Avec de Villepin, on assiste à un nouveau changement de registre. On entre carrément dans le racisme et la chasse franchement décomplexée à l’électeur-rice d’extrême droite. Plus de grande envolée lyrique sur la « tradition France Terre d’asile », pas la moindre évocation de la belle notion de Droits de l’Homme. De Villepin se lamente d’abord sur la quantité d’immigration régulière. Abusive, bien sûr : détournements de procédure, abus de droit, etc. On va surveiller ça de plus près… Mais voilà le grand cheval de bataille à venir : la lutte contre l’immigration irrégulière, qui nous envahit littéralement ! Pour la première fois, le ministère donne des chiffres, plus élevés que toutes les estimations réalisées jusqu’alors : 200.000 à 400.000 personnes en situation irrégulière ! Un seul but : faire peur. Pas un mot sur les causes de ce phénomène : pas un mot sur les lois et leur application de plus en plus restrictives qui compliquent la demande de régularisation et augmentent donc le contingent d’irrégulier-e-s, sur la difficulté d’obtenir des visas, presque pas un mot sur les causes des migrations (sauf une mention sybilline de la nécessité d’une aide au développement des pays d’origine).
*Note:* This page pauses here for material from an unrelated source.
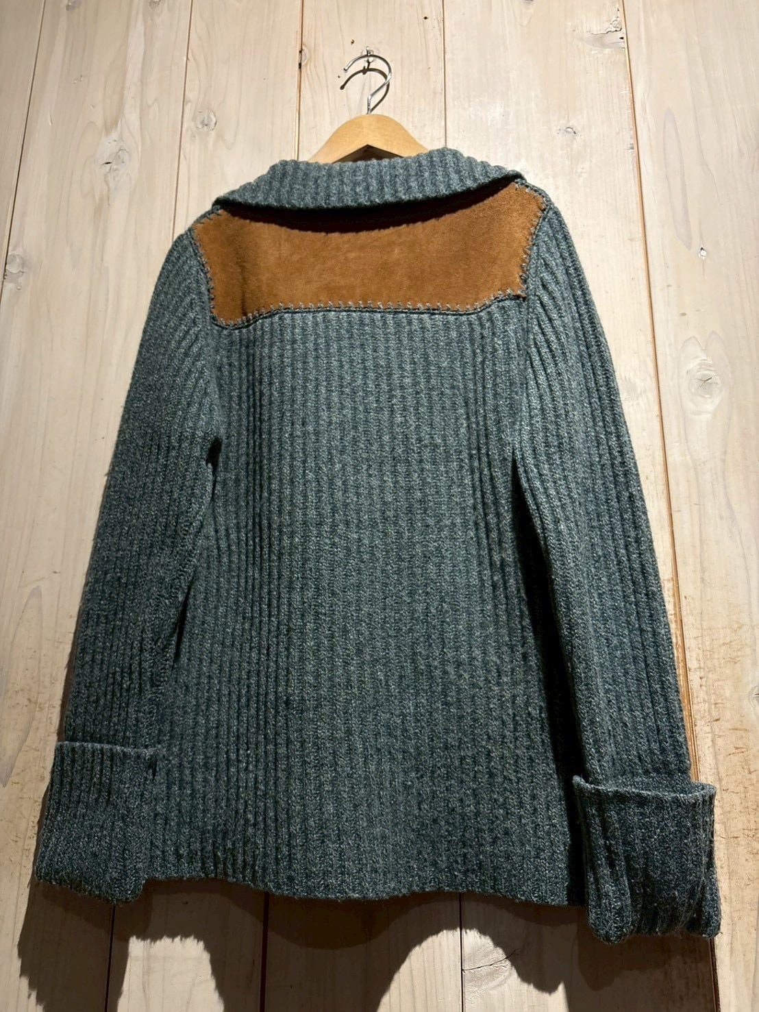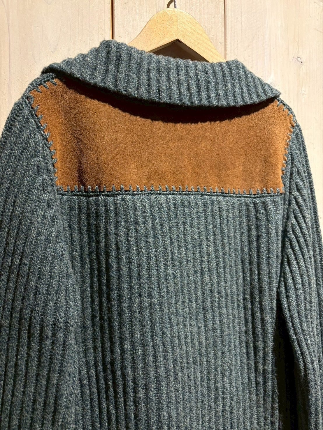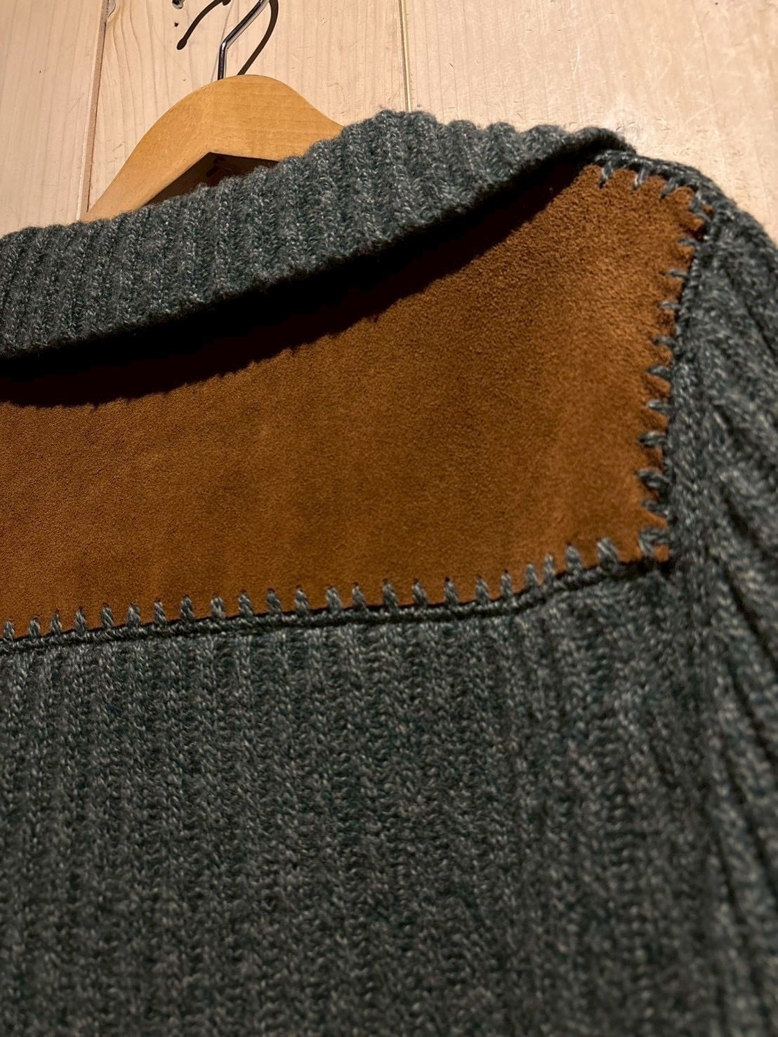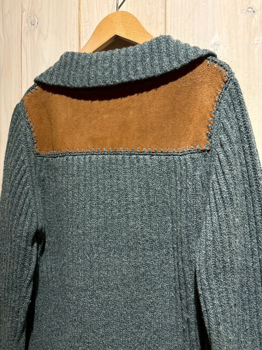 ライトブルーのメランジが美しく表情を作るニットボディをベースに、ヨーク部分をしっとりとした質感のスエードレザーで切り替えた、異素材のコントラストが際立つ1着。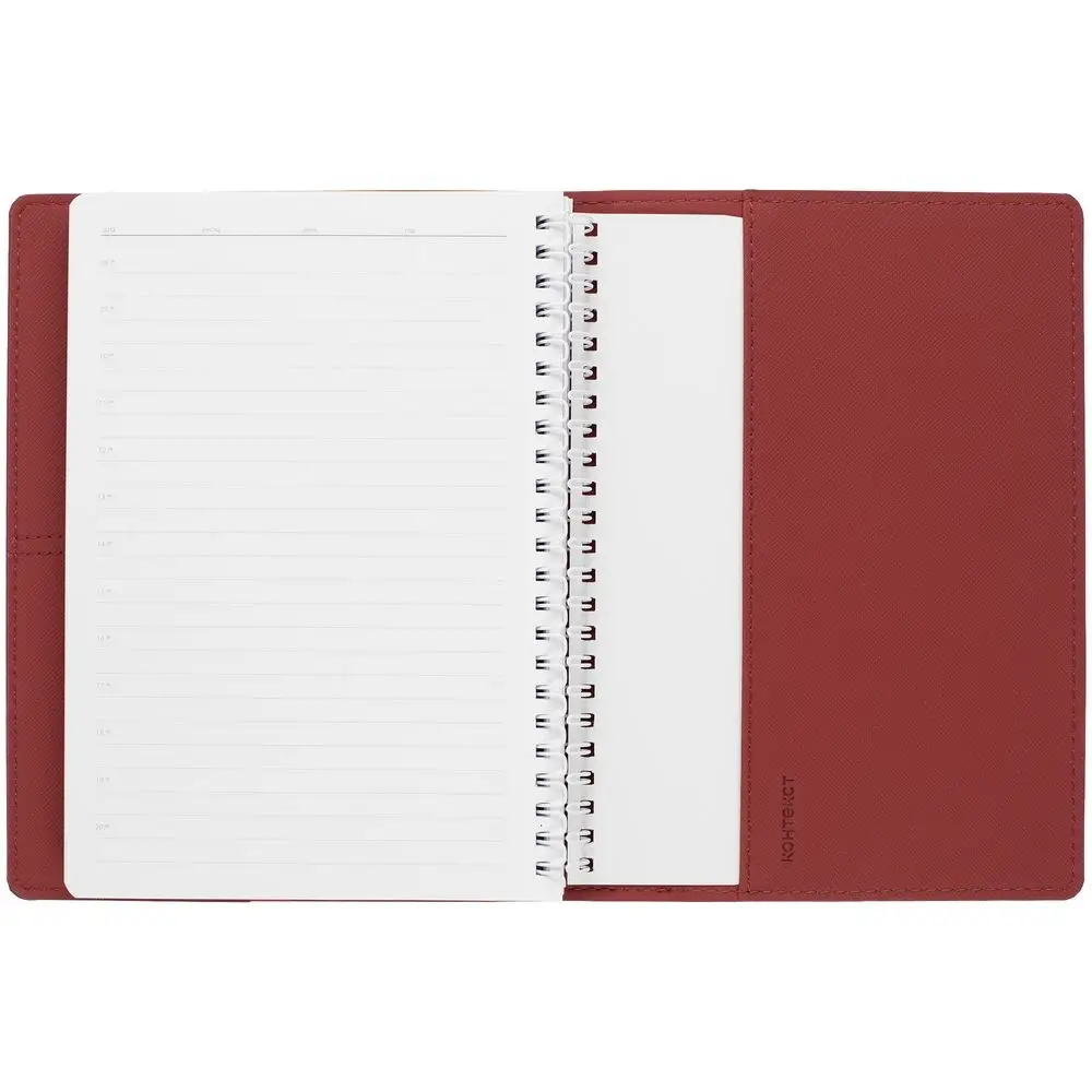 Ежедневник с блоком на пружине в твердой обложке, выполнен из материалов Nice Touch, Soft Touch и Soft Touch Ultra красный.

Pas un mot sur ses conséquences non plus : pourquoi faudrait-il lutter contre l’immigration ? Nul ne le sait. L’immigration est un problème, il faut lutter contre l’immigration, il faut créer une police de l’immigration.
On sort de l’expulsion un peu voilée, un peu honteuse, prétendûment couverte d’humanisme. On entre dans le domaine de la haine apparemment la plus irrationnelle. Disons bien apparemment, puisqu’il s’agit finalement, très rationnellement, d’aller chasser sur les terres de l’extrême droite pour lever son bouc émissaire préféré : l’étranger. L’étranger est tricheur, l’étranger est menteur, il est voleur, peu importe pourquoi il vient « chez nous ». Ce qui compte, c’est qu’on l’en dégage en gesticulant le plus possible.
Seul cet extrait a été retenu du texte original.